-- PROVIDED ENTRIES follows --
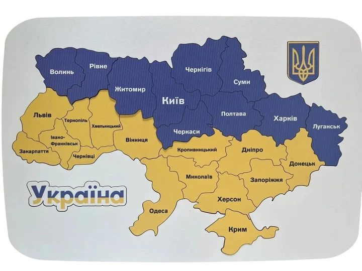 Дерев'яний Пазл "Карта України", кольорова, 35*23 см, розвиваючі конструктори і пазли
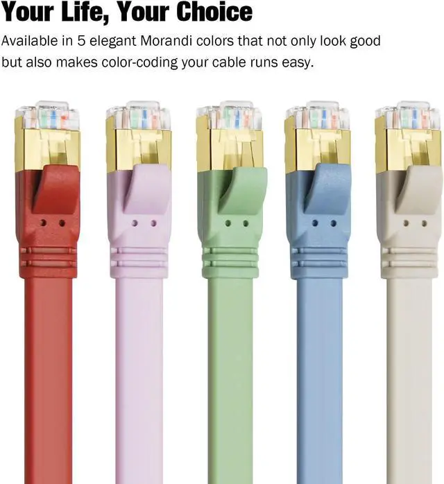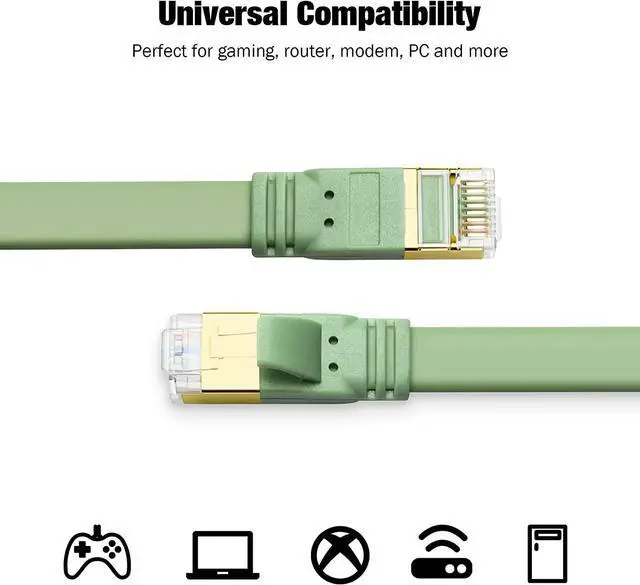 Universal CompatibilityCAT 8 Ethernet cable is backward compatible with CAT7/CAT6/CAT6e/CAT5e/CAT5 cable standard. With 2 gold-plated RJ45 connectors, perfect for connecting routers, switches, modems, IP cameras, PCs, network adapters, hubs, Xbox, smart TVs, laptops, and more. It is the best choice for smart homes and smart offices.
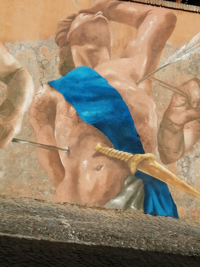 Questi versi sono di Salvo Ligama l’artista di street art che ha regalato a Ponzano il murales di S. Sebastiano. Ne spiegano il senso e l’emozione.L’opera troneggia su buona parte del grande muro di contenimento di una dimora patrizia all’ingresso della salita che porta al centro storico. Alto cinque metri e lungo circa quindici appare all’improvviso e commuove. I colori utilizzati fanno si che il quadro si compenetri con il muro sbrecciato, i muscoli del santo , le frecce nel costato hanno una tonalità che fa tutt’uno con l’antica parete, ieri sbrecciata, oggi rigenerata dall’arte.  Ligama ha un tratto gentile, non invade i luoghi dove interviene, ma con essi dialoga donando  una nuova visione. Fa così In tutta Italia , a partire dalla sua Catania. Lo stesso accade a Ponzano. Al martire Sebastiano ufficiale romano sodale dell’imperatore Diocleziano,ma poi diventato difensore dei cristiani perseguitati, morto due volte secondo la leggenda, e perciò  fatto santo da  cattolici e ortodossi infatti è dedicata una della chiese locali.
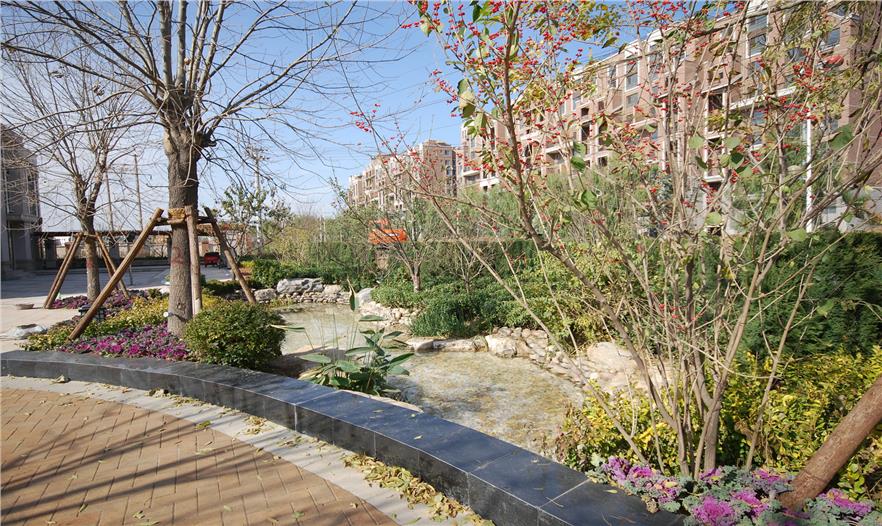 以色澤淡雅,枝形舒展的花卉、延展開闊的空間及整齊平靜的水體布局展現(xiàn)休閑、安靜的居住環(huán)境。
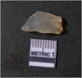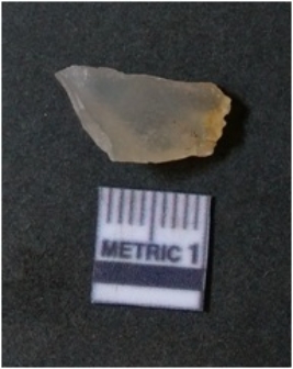 | Description / विवरण | It is chalcedony flake, translucent in appearance. The piece shows sharp pointed ends and flake scars on the surface as a result of flaking. The piece shows a bulb of percussion. |
-- PROVIDED ENTRIES concluded --
The answer must be an exact copy of the lines above, from the start of the records through the line with "Universal CompatibilityCAT 8", and of nothing else; no pictures belong in it.

 Дерев'яний Пазл "Карта України", кольорова, 35*23 см, розвиваючі конструктори і пазли
 Universal CompatibilityCAT 8 Ethernet cable is backward compatible with CAT7/CAT6/CAT6e/CAT5e/CAT5 cable standard. With 2 gold-plated RJ45 connectors, perfect for connecting routers, switches, modems, IP cameras, PCs, network adapters, hubs, Xbox, smart TVs, laptops, and more. It is the best choice for smart homes and smart offices.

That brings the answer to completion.